Minnesota. News reporters rushed to the home of Jonathan Smith last Tuesday, after he allegedly told trusted friend and co-worker, Susan Clemens, that he felt he was past his prime as a writer and that it was time to move on with his life.
Jonathan, 37, attended 4 years of college and earned a degree in English when he was younger, with the dream that his academic training would propel his career as a writer. Upon graduation, Jonathan worked for several companies as a technical manual writer producing instructions for household items such as vacuum cleaners, toasters, microwaves, ovens, and even alarm clocks.

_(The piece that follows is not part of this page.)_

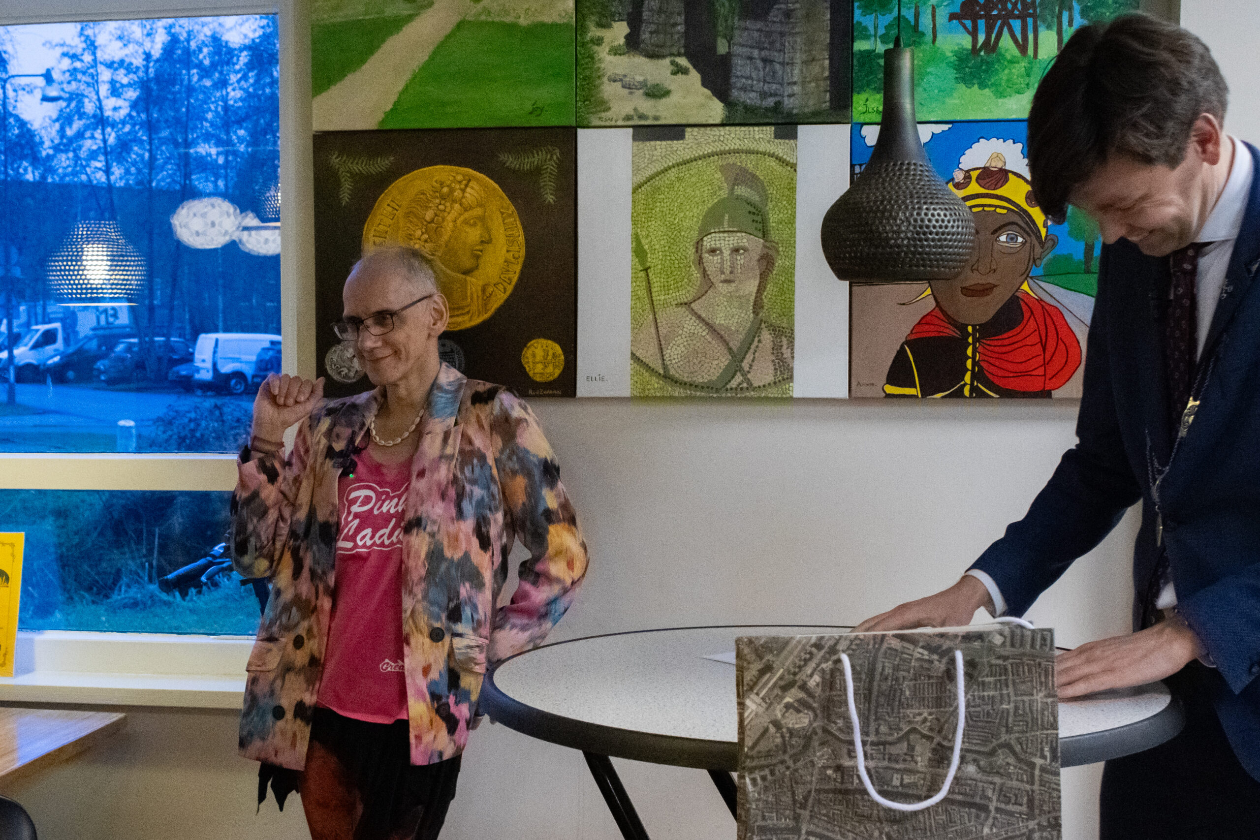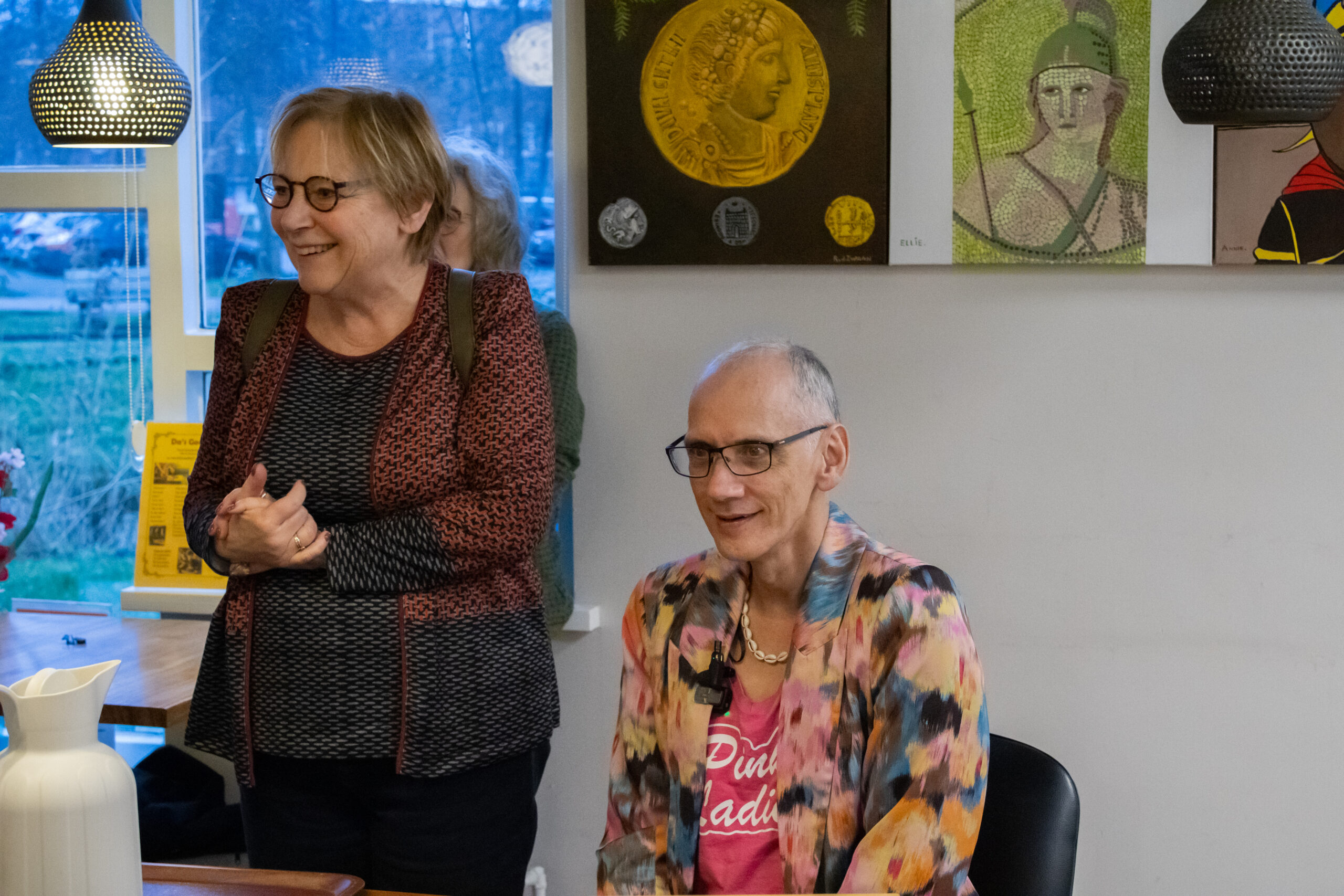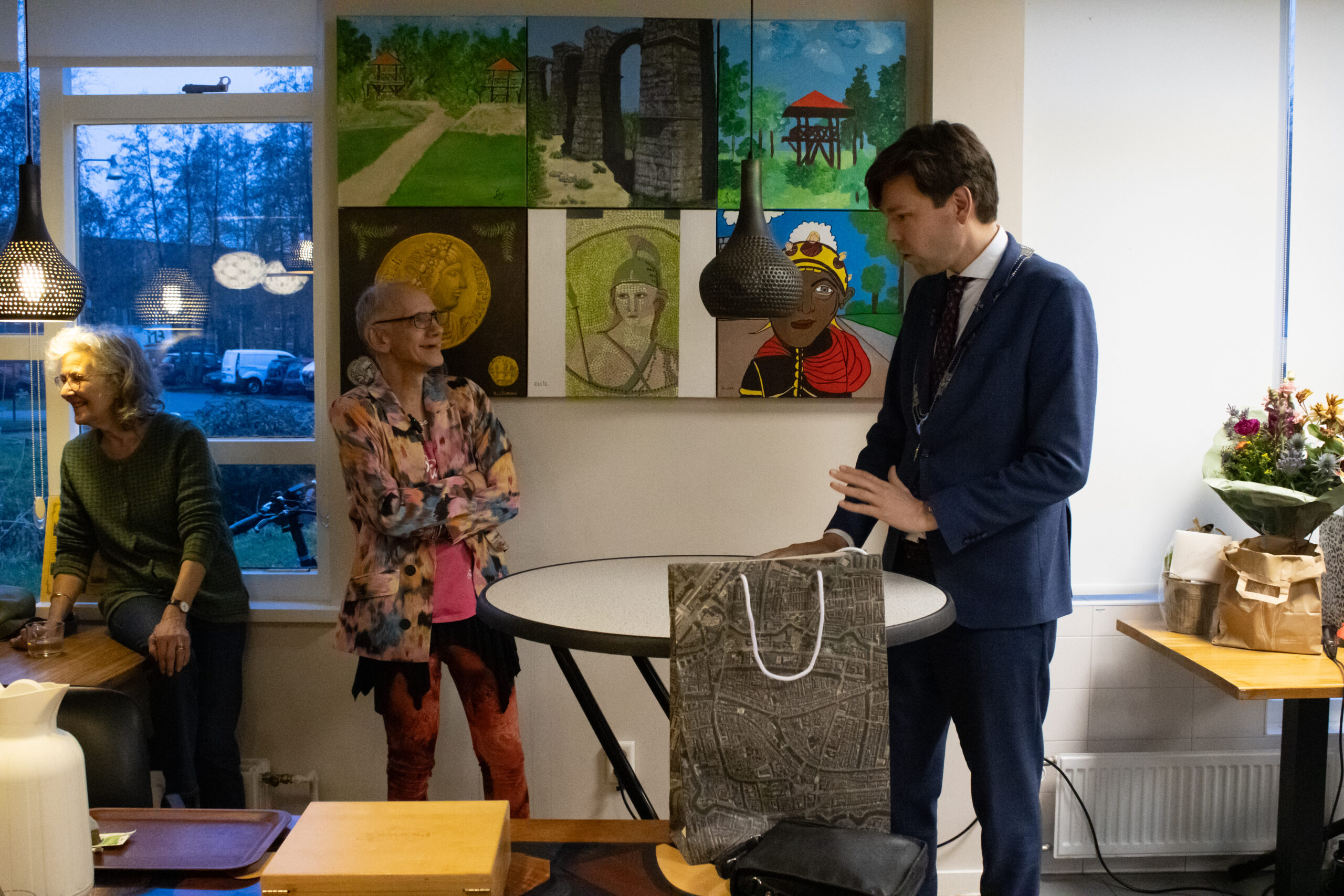 Verslaggever Jennifer Wijnen in gesprek met locoburgemeester Julius Terpstra over het onderscheiden van het Cornelis Joppensz Beeldje
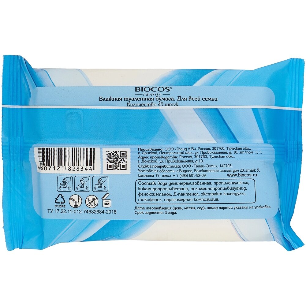 Влажная туалетная бумага BioCos для всей семьи, 45 шт интересное:

"To be a good writer, you really have to pour your heart and soul into your work. The reader needs to feel the plethora of emotions that you have as they gaze upon the magnificent literature you've produced," Jonathan stated. "Sometimes you have to be brave, and look deep within yourself as you try to find the right words," he added.
When asked at which point he reached his prime as a writer, Jonathan said that it was while he was writing manuals for toasters, microwaves, and ovens.
"That's when I was at my absolute best," he stated. "I kind of burned out after that when I settled for alarm clocks," he sadly confessed.
Finding himself exhausted as a talented writer, and feeling that he has completely used up his own personal voice to express his journey through life in the arena of powerfully-moving literature, Jonathan now plans on starting a new chapter by going back to school next year, so that he can earn a degree in micro-zoology.
"Sometimes you just have to be brave, turn a different corner, and see what new adventure awaits," he concluded.